Die Kollegen des Landesverbandes in der Steiermark hatten im Jahr 2002 vor dem gleichen Problem gestanden und die Rettung der Werkstatt durch eine Kooperation mit der größten deutschen

Blindenwerkstätte, der Arbeitsring anerkannter Blindenwerkstätten-Schlich GmbH erfahren. Diese ist ein Zusammenschluss von vielen einzelnen Blindenbetrieben und Handwerkern, der bereits seit über 80 Jahren besteht und in Deutschland über 250 blinde und sehschwache Handwerker in vielen Gewerken beschäftigt. Auch war dieser Blindenbetrieb mit einem umsichtigen und engagierten Vertrieb ausgestattet. Friedrich Zorn suchte über die Verbandskollegen aus Graz den Kontakt und fand die gesuchte Hilfe.

Im Herbst des Jahres nahm die neu gegründete Wiener Blindenwerkstätte –im Louis Braille Haus- GmbH ihre Arbeit auf. Alle 17 Arbeitsplätze konnten gerettet werden. Die Landesgruppe Wien war nun Mitgesellschafter der neuen/alten Blindenwerkstatt. Die Wiener Blindenwerkstätte –im Louis Braille Haus- GmbH war jetzt Mitglied in einem starken, internationalen Verbund von Blindenwerkstätten in Österreich, der Schweiz und Deutschland. Eine besonders enge Zusammenarbeit entwickelte sich dabei mit der Partnerwerkstatt in Graz.

2006
Zur Erleichterung der Arbeitsabläufe und Steigerung der Arbeitsleistung werden mit Unterstützung durch das Bundessozialamt alle Arbeitsplätze in der  Bürstenmacherei mit modernen, mechanischen Bündelabteilern ausgestattet.

2014
Im Rahmen der Umbaumaßnahmen in der Hägelingasse 4 – 6, zieht die Blindenwerkstatt vom ersten Stock ins Parterre um.

2018
Der BSVWNB scheidet als Gesellschafter aus, die Werkstatt wird aber unter gleicher Leitung und auch weiterhin im Louis Braille Haus in Wien fortgeführt.

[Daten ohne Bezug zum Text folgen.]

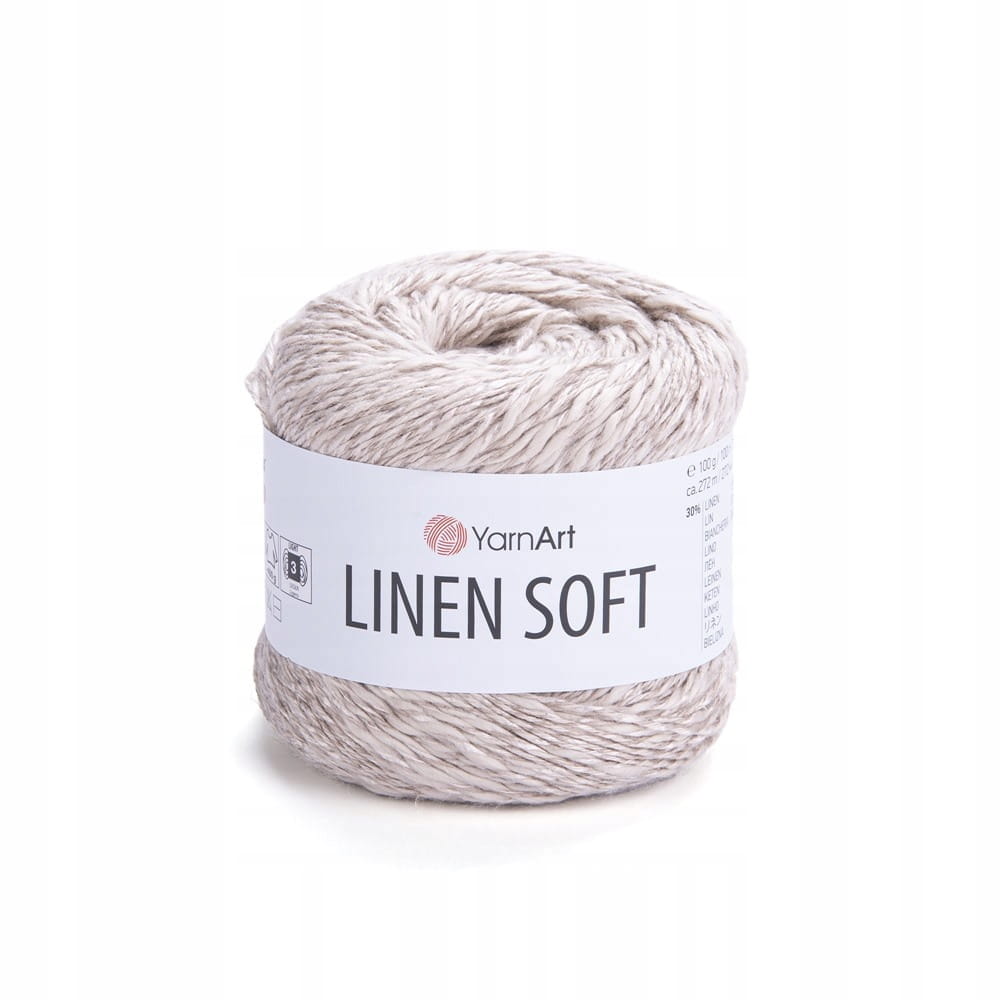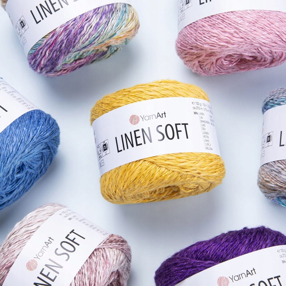 YarnArt Linen Soft to wyjątkowa włóczka, idealna na cieplejsze miesiące, dostępna w 40 wersjach kolorystycznych, zarówno gładkich, jak i melanżowych. W jej skład wchodzą wyłącznie naturalne włókna: len, wiskoza i bawełna, połączone w takich proporcjach, że całość daje naprawdę przyjemny i świetnie prezentujący się efekt. Przędza nie jest jednolita, co sprawia, że gotowa robótka wygląda bardzo interesująco.
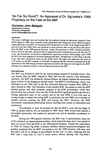"So far so good"? : an appraisal of Dr. Ng'ombe's 1998 prophecy of the fate of the BNF
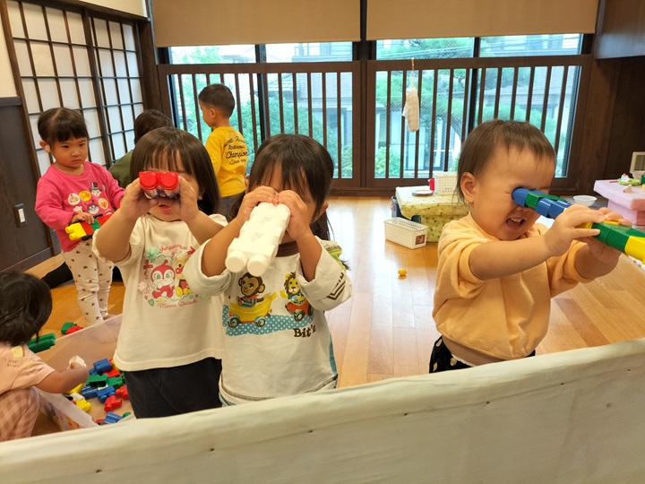 いいもの見つけたかな??みんなでなかよく遊んでいます♪

Die Wiener Blindenwerkstätte –im Louis Braille Haus- GmbH ist mittlerweile ein fester Bestandteil der national und international tätigen Gruppe von Blindenwerkstätten, die sich gegenseitig austauschen und unterstützen. Uns allen gemeinsam ist das Streben danach, blinden und hochgradig sehbehinderten Menschen einen Arbeitsplatz und damit die Teilhabe am „normalen“ Alltag zu ermöglichen. Wer keine Arbeit hat, dem fehlt ein Stück Leben. Unsere Gemeinschaft bietet Bürsten- und Pinselmachern, Webern, Strickern und Stickern, Korbmachern, Pinselmachern, Töpfern  und Kerzenmachern in klassischen Blindenberufen einen dauerhaften Arbeitsplatz im Handwerk und somit einen festen Platz in unserer Gesellschaft.

Wir selbst sind in unserm Verbund Spezialist für klassische Besen im Handeinzug.

Insgesamt bieten wir mit unserer Gemeinschaft der Blindenwerkstätten ein breites Spektrum an Blindenwaren an, die für jeden etwas bieten. Neben den klassischen Besen und Bürsten haben wir eine Vielzahl von Produkten aus Blindenhand im Angebot. Im textilen Bereich sind dies Putz- und Reibtücher, hochwertige Tischwäsche, Geschirr-, Mikrofaser-, Gläser- und Handtücher sowie Socken und Strümpfe für den Business-, Privat- und Sportbereich. Ergänzt werden diese Produkte durch Bestickungen und Einwebungen. Bei den Korbwaren stellen wir vom Teppichklopfer bis zur Pflanzpyramide und vom Frühstückskorb bis zum Picknickkorb alles her. Pinsel für den (Heim-) Handwerker sind für uns genau so selbstverständlich wie Backpinsel oder Flaschenbürsten. Hinzu kommen Besen und Bürsten im Vulkanisierverfahren (auch für Lebensmittel be- und verarbeitende Betriebe). Kerzen können wir Ihnen sowohl gezogen als auch gegossen anbieten bzw. im Deko-Set mit Töpferware und anderen Produkten kombiniert mit Kerzengläsern oder Laternen. Als neueste Errungenschaft, produzieren unsere Grazer Besenmacher als erste Blindenwerkstatt überhaupt, seit Anfang des Jahres 2016, qualitativ hochwertige Reisstrohbesen aus Blindenhand.